Инферно Браун Дэн
Лэнгдон покачал головой:
— Не думаю. Нет, Данте я здесь не узнаю. Видимо, кто-то дополнил своими виршами.
— Зобрист, — прошептала Сиена. — Кто же еще?
Лэнгдон кивнул. Предположение вполне обоснованное. Поработав над «Mappa dell’Inferno», Зобрист уже продемонстрировал, что питает склонность к сотрудничеству с гениями и к переработке великих произведений искусства для своих надобностей.
— Дальше текст весьма странный, — сказал Лэнгдон, поворачивая маску и читая по спирали. — Тут говорится, что дож отрезал лошадям головы и крал кости слепой. — Он перешел к последней фразе в центре маски и с удивленным вздохом сказал: — Какие-то кроваво-красные воды.
Сиена подняла брови.
— Прямо как в ваших видениях женщины с серебристыми волосами?

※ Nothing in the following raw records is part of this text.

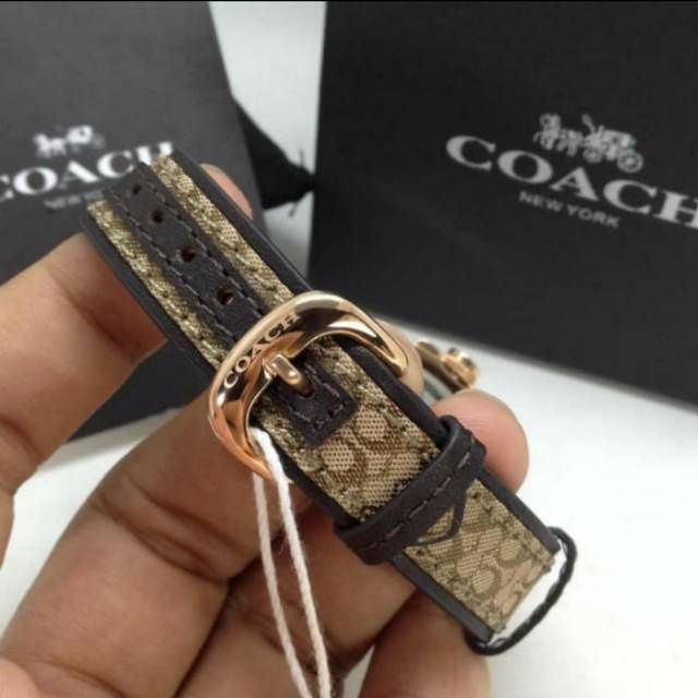 Jam Tangan Wanita Coach Original White Rosegold Strap Leather Garansi .
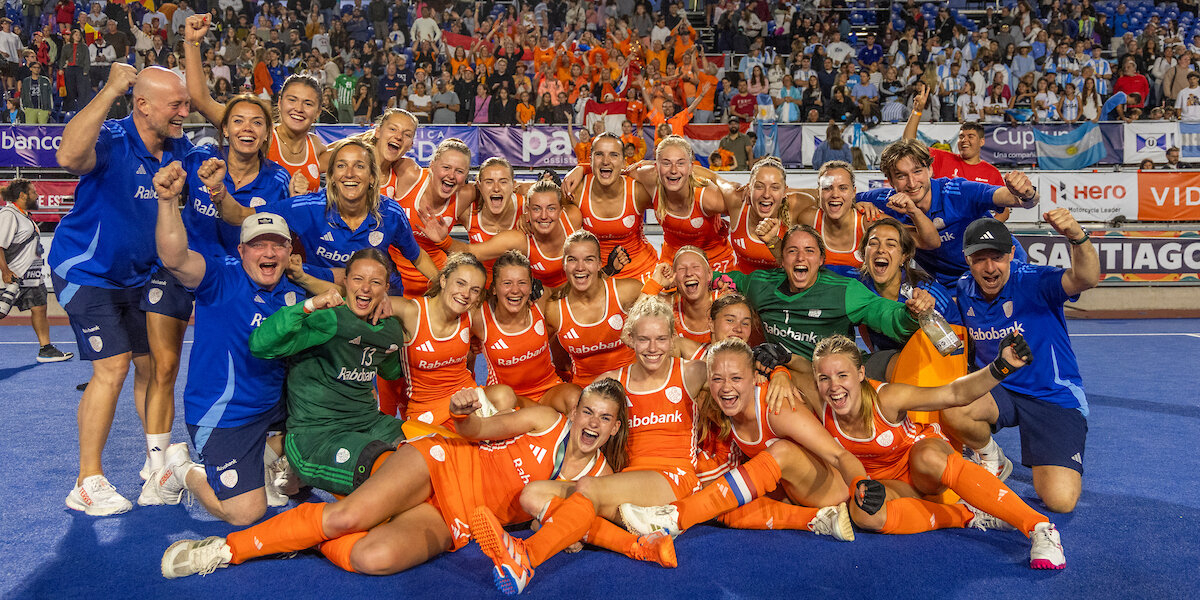 In die hectische slotfase hield Jong Oranje het hoofd koel. Ze werden net als tegen België tot het uiterste getest. Nu speelde Nederland ook nog tegen de twaalfde Argentijnse man, die zich ook vaak met het spel bemoeide. Tellier moest met groen naar de kant. Argentinië haalde zijn keeper eruit. Het piepte en kraakte bij Nederland. Maar het liep allemaal goed af. Na een heleboel nagelbijtende minuten kwamen het verlossende fluitsignaal. Jong Oranje is weer de beste van de wereld bij de dames. Op een toernooi waarin deze lichting niet alleen liet zien dat ze heel goed kunnen hockeyen, maar ook enorm kunnen knokken.
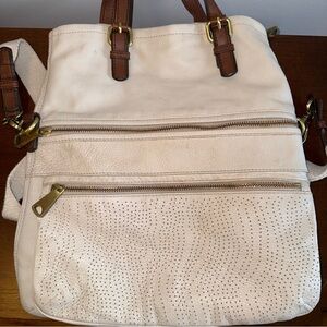 Fossil Explorer Foldover White Crossbody Bag
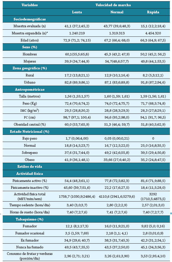Las características generales de la población estudiada según velocidad de la marcha se muestran en la tabla 1. Se evidenció que los participantes que reportaron una marcha lenta fueron predominantemente hombres (60,1 %) y personas mayores con zona de residencia urbana. En cuanto a las características antropométricas, los participantes con velocidad de marcha lenta presentaron mayor IMC, PC y mayor prevalencia de obesidad y obesidad central, además de reportar un mayor tiempo sedente y menor consumo de frutas y verduras (tabla 1).
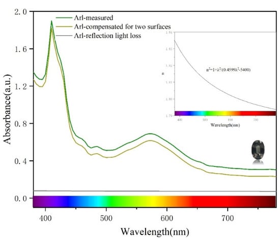 Accurate visible spectroscopic measurements rely on correctly identifying the spectral baseline. A relatively clean place in the interior was selected for the UV-Vis spectrum test to eliminate loss due to the scattering of light caused by inclusion. Sample B3 is used as an example. The spectrum after baseline correction by the Sellmeier equation is shown in Figure 5. The green line represents the original spectrum, the yellow line the absorption spectrum after baseline correction, and the gray line, which is approximately a straight line, represents absorption caused by boundary reflection.

Лэнгдон кивнул, озадаченно глядя на надпись.
Кроваво-красные воды… куда не смотрятся светила?..
— Смотрите, — прошептала Сиена, читая из-за его плеча. Она показала на слово в середине надписи. — Названо конкретное место.
Лэнгдон нашел это слово, на которое почему-то не обратил внимания вначале. Оно указывало на один из самых удивительных городов на свете. По спине у Лэнгдона пробежал холодок: в этом городе Данте настигла тяжелая болезнь, от которой он вскоре умер.
Венеция.
Несколько минут Лэнгдон и Сиена молча читали загадочные стихи. От мрачного текста, при том, что смысл его ускользал, веяло смертью. Слово «дож» недвусмысленно отсылало к Венеции, необыкновенному городу, прорезанному сотнями соединяющихся каналов, где веками глава государства именовался дожем.
С налету Лэнгдон не мог сообразить, на какое именно место в Венеции намекает стихотворение, но оно явно предлагало читателю следовать его указаниям.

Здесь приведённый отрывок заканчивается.